En matière de fret maritime, l’étude de la dispersion des prix nous donne une variation de +137% entre le minimum début septembre et le maximum début décembre, sur la base d’un trajet d’un conteneur entre Shanghai et Felixstowe. Mais la situation est encore plus complexe d’un point de vue opérationnel puisque la congestion des ports britanniques est tellement forte que seul le service premium passe et plusieurs compagnies maritimes ne desservent plus directement la destination.
Source : Upply
Dans le transport routier, les prix restent en revanche plutôt très stables, malgré les embouteillages grandissants et les prévisions de rentabilité orientées à la baisse compte tenu des contraintes opérationnelles. Une situation qui ne pourra perdurer en cas de Brexit dur.
Si la saturation des infrastructures britanniques persiste, le transport aérien pourrait être une solution de dernier recours pour du fret léger à forte valeur ajoutée.
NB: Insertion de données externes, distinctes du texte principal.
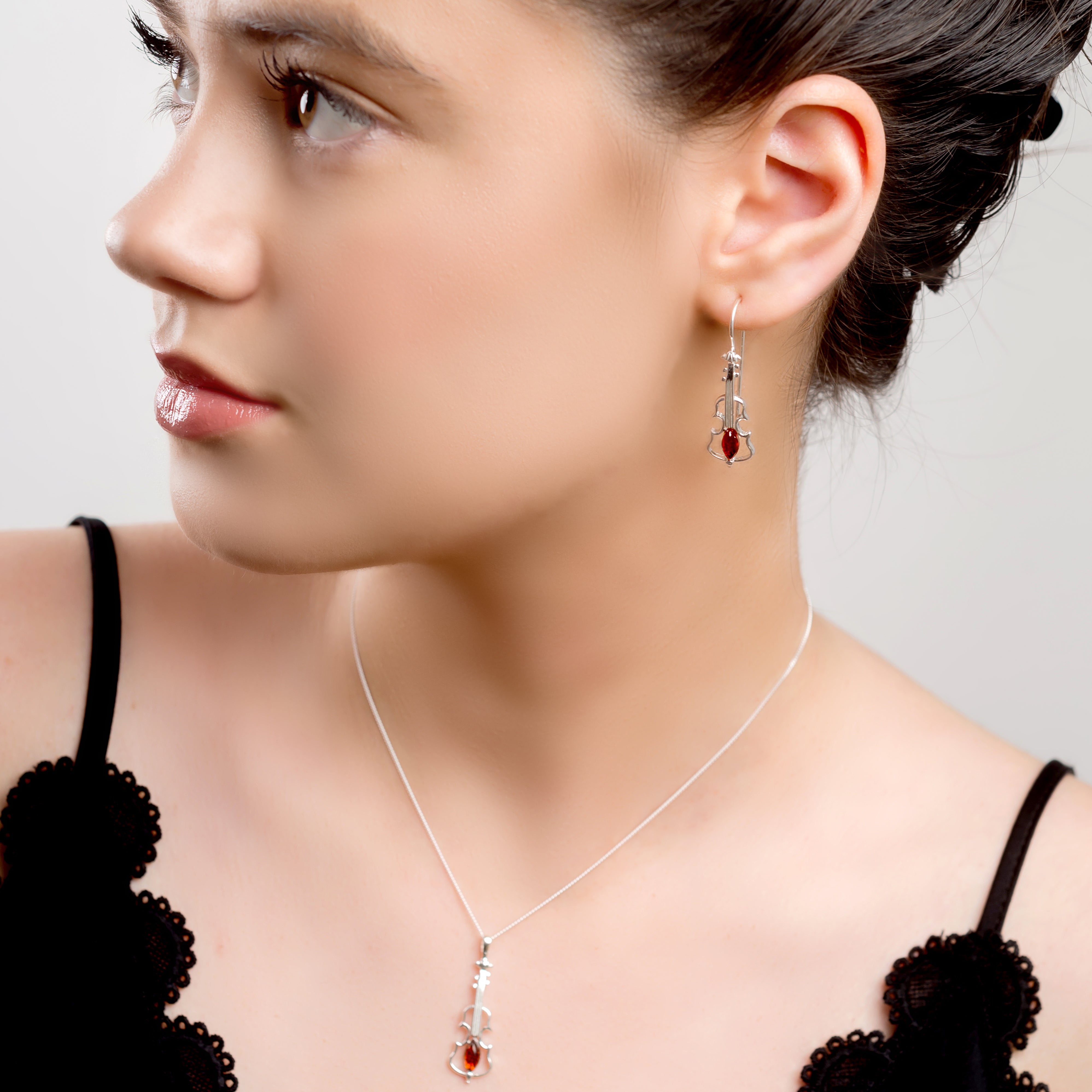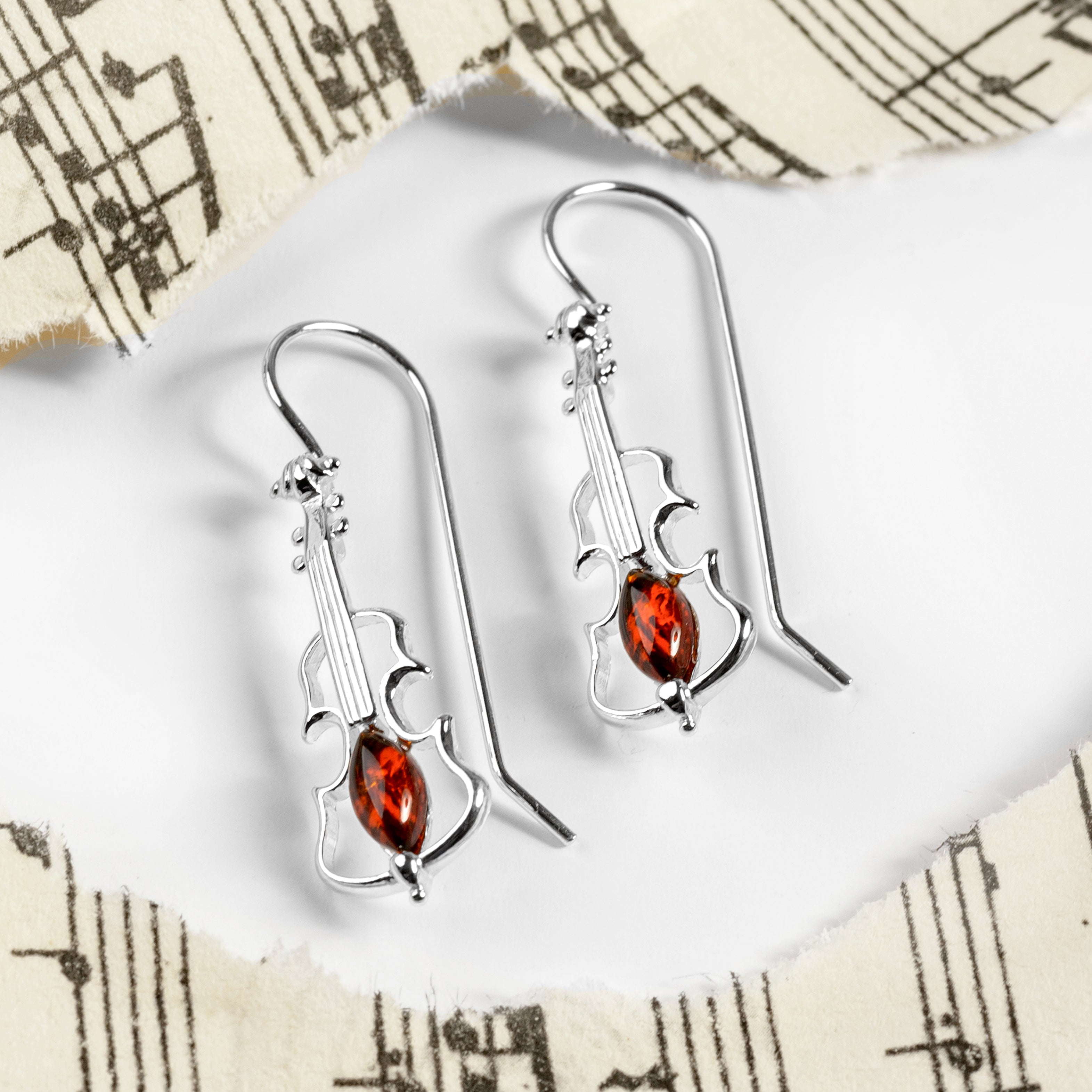 Surprise a player of string instruments with our Silver and Amber Violin Hook Earrings.
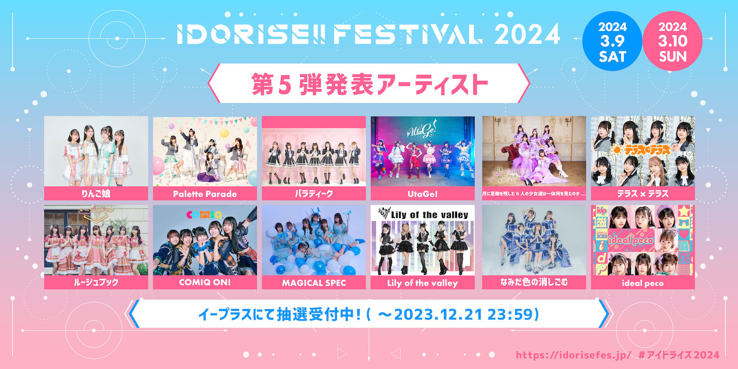 2024年3月9日(土)・10日(日)の2日間、東京・渋谷にて開催される『IDORISE!! FESTIVAL 2024』の第5弾出演アーティストが決定した。

Le premier partenaire commercial de la Grande-Bretagne est l’Union Européenne avec 47% des échanges, et au sein de l’UE son partenaire le plus important est l’Allemagne. D’après les prévisions de l’OCDE, une sortie sans accord aurait un impact de réduction de près de -40% des exportations britanniques dans le secteur des moteurs et véhicules, de -30% pour les textiles et les métaux, de -20% pour les biens d’équipement et les denrées de consommation. Au total, cela réduirait de 2% le PIB du pays d’après les analyses de l'Office britannique de la responsabilité budgétaire (OBR). Or la Grande-Bretagne est déjà dans une situation complexe dans le contexte de crise sanitaire. Le pays va emprunter 448 milliards d’euros pour l’exercice 2020/2021 et son déficit budgétaire atteindra un record depuis la Seconde Guerre mondiale.
Une sortie de l’Union Européenne sans un accord constitue un risque économique majeur pour le Royaume-Uni dans le contexte de crise sanitaire. Les solutions pour sortir de la récession économique reposeraient alors sur un investissement massif, une relocalisation des moyens de production et une relance économique du pays. La force du Royaume-Uni réside dans sa capacité à s’appuyer sur les pays du Commonwealth, la maîtrise totale de sa fiscalité et la possibilité de signer des accords de libre-échange, notamment avec l’allié américain.